EXERCISE AIM: Whenever an image turns up, omit it and return the remaining data exactly.

DATA BLOCK:
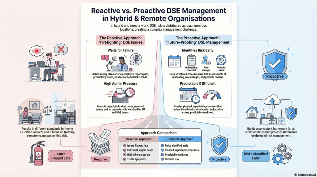 Instead of waiting for pain or complaints to surface, proactive DSE focuses on early identification, clear processes and proportionate control, regardless of where work is carried out.
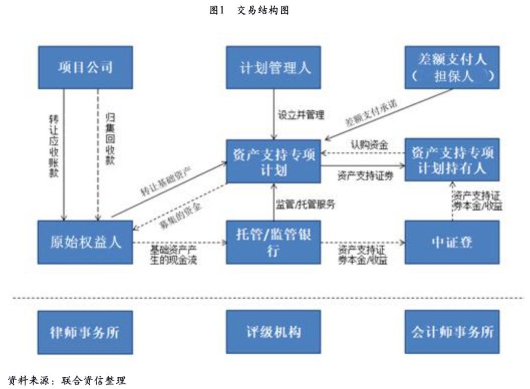 具體而言,專項計劃存續期內,原始權益人/資產服務機構按照約定的頻率將基礎資產回收款先轉入托管/監管賬戶,再轉入專項計劃賬戶。循環購買期內,計劃管理人在每一個循環購買日將相關購買價款從專項計劃賬戶劃付至原始權益人所指定的自有賬戶用于購買相應新增基礎資產。循環購買期結束后,進入分配期。在專項計劃存續期內,若專項計劃賬戶內可供分配的資金不足以按照交易文件約定的分配順序支付專項計劃的應繳稅金及費用和優先級證券當期的預期收益、或償還本金,則由計劃管理人通知差額支付人(擔保人)將對應的金額匯付至專項計劃賬戶。
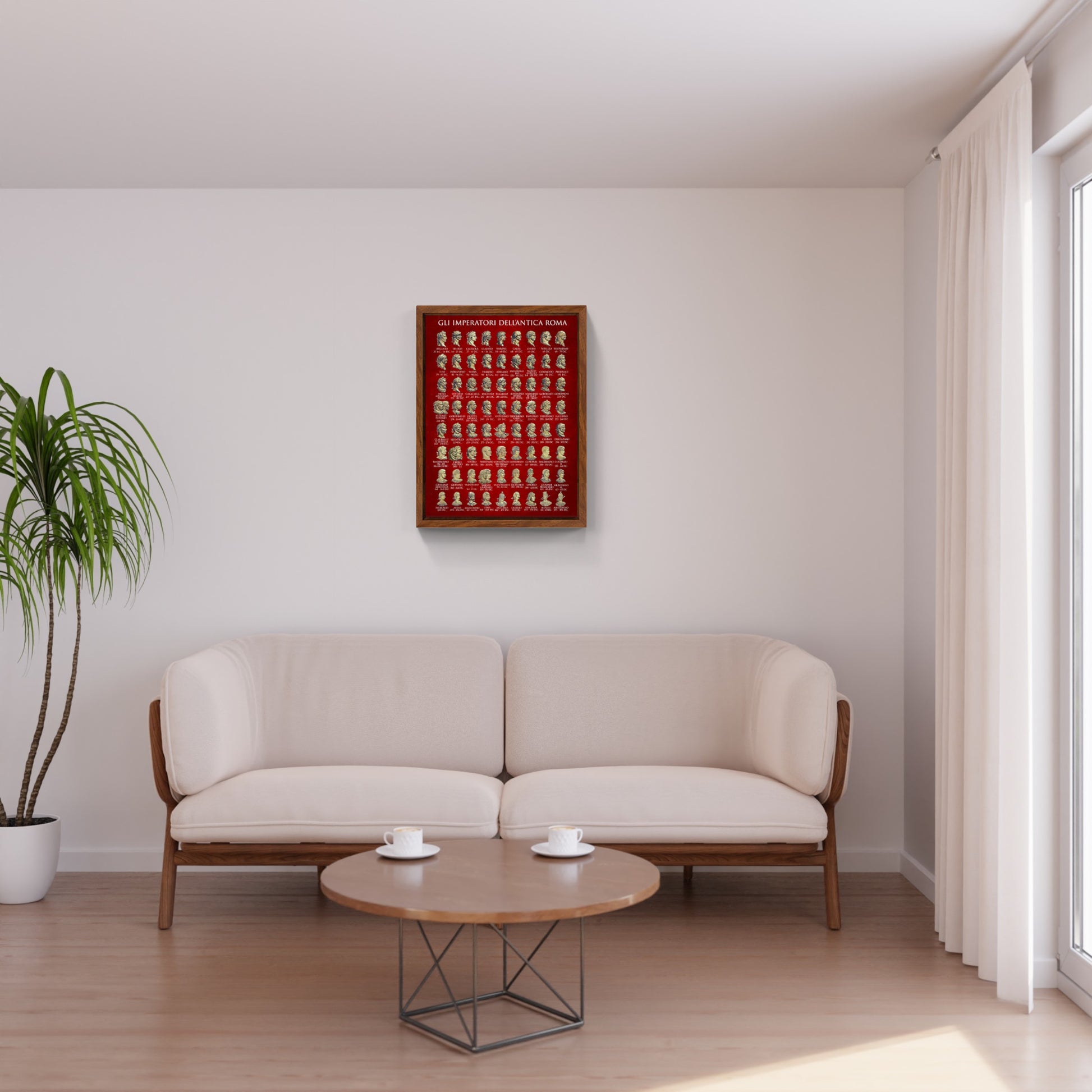 Un attento e precisissimo lavoro di estrazione dell’effigie di ogni imperatore romano che viene qui riproposto in una esclusiva patina dorata a celebrare la millenaria gloria di Roma. A partire da monete in eccellente stato di conservazione, coniate quando ogni imperatore era ancora in vita, i nostri esperti hanno estratto i volti dei regnanti e li hanno riproposti, dorati, in un'opera esclusiva ed irripetibile per tutti gli appassionati.

RESULT OF THIS EXERCISE:
 Instead of waiting for pain or complaints to surface, proactive DSE focuses on early identification, clear processes and proportionate control, regardless of where work is carried out.
 具體而言,專項計劃存續期內,原始權益人/資產服務機構按照約定的頻率將基礎資產回收款先轉入托管/監管賬戶,再轉入專項計劃賬戶。循環購買期內,計劃管理人在每一個循環購買日將相關購買價款從專項計劃賬戶劃付至原始權益人所指定的自有賬戶用于購買相應新增基礎資產。循環購買期結束后,進入分配期。在專項計劃存續期內,若專項計劃賬戶內可供分配的資金不足以按照交易文件約定的分配順序支付專項計劃的應繳稅金及費用和優先級證券當期的預期收益、或償還本金,則由計劃管理人通知差額支付人(擔保人)將對應的金額匯付至專項計劃賬戶。
 Un attento e precisissimo lavoro di estrazione dell’effigie di ogni imperatore romano che viene qui riproposto in una esclusiva patina dorata a celebrare la millenaria gloria di Roma. A partire da monete in eccellente stato di conservazione, coniate quando ogni imperatore era ancora in vita, i nostri esperti hanno estratto i volti dei regnanti e li hanno riproposti, dorati, in un'opera esclusiva ed irripetibile per tutti gli appassionati.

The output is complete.